Blade shape optimization of the Savonius wind turbine using a genetic algorithm

The Savonius wind turbine is one of the best candidates for harvesting wind energy in an urban environment, due to unique features such as compactness, simple assembly, low noise level, self-starting ability at low wind speed, and low cost. However, the conventional Savonius wind turbine with semicircular blades has a relatively low power coefficient. This work focuses on optimizing the shape of the blade of the Savonius wind turbine to further improve its power coefficient. An evolutionary-based genetic algorithm (GA) is incorporated into computational fluid dynamics (CFD) simulations, thereby coupling blade geometry definition with mesh generation and fitness function evaluation in an iterative process.
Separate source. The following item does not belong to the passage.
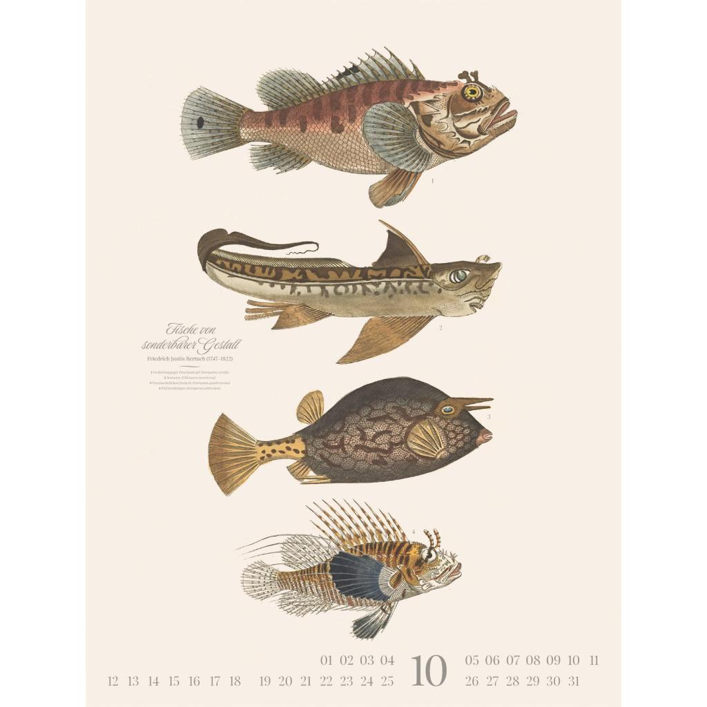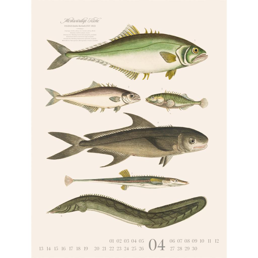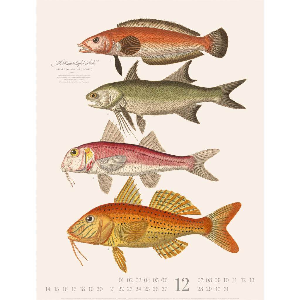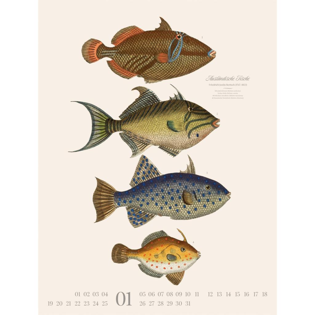 Dekorativer Retro-Kalender im großen Hochformat (50x66 cm) | Historische Tier-Illustrationen von Friedrich Justin Bertuch

Three variable points along the blade cross-section are used to define the geometry of the blade arc, and the objective function of GA is set to maximize the power coefficient. Two-dimensional flow around the wind turbine is modeled by the shear-stress transport (SST) k-omega turbulence model and solved through the finite-volume method in ANSYS Fluent. Three GA optimization runs with different population and genetic operations have been carried out to provide the optimal shape of the blade of the Savonius turbine. Compared to the wind turbine with semicircular blades, the wind turbine with optimal blades and a tip speed ratio (TSR) of 0.8 achieved significant improvement (up to 33%) on the time-averaged power coefficient. In addition, the Savonius turbine with optimal blades outperformed the one with semicircular blades at a wide range of TSR (= 0.6-1.2), suggesting that the Savonius wind turbine with optimal blades has great potential to be applied in the real urban environment. The aerodynamic forces and flow structures pertaining to both wind turbines with optimal and semicircular blades are compared and discussed, to improve our understanding on their underlying mechanisms and to further improve their performance.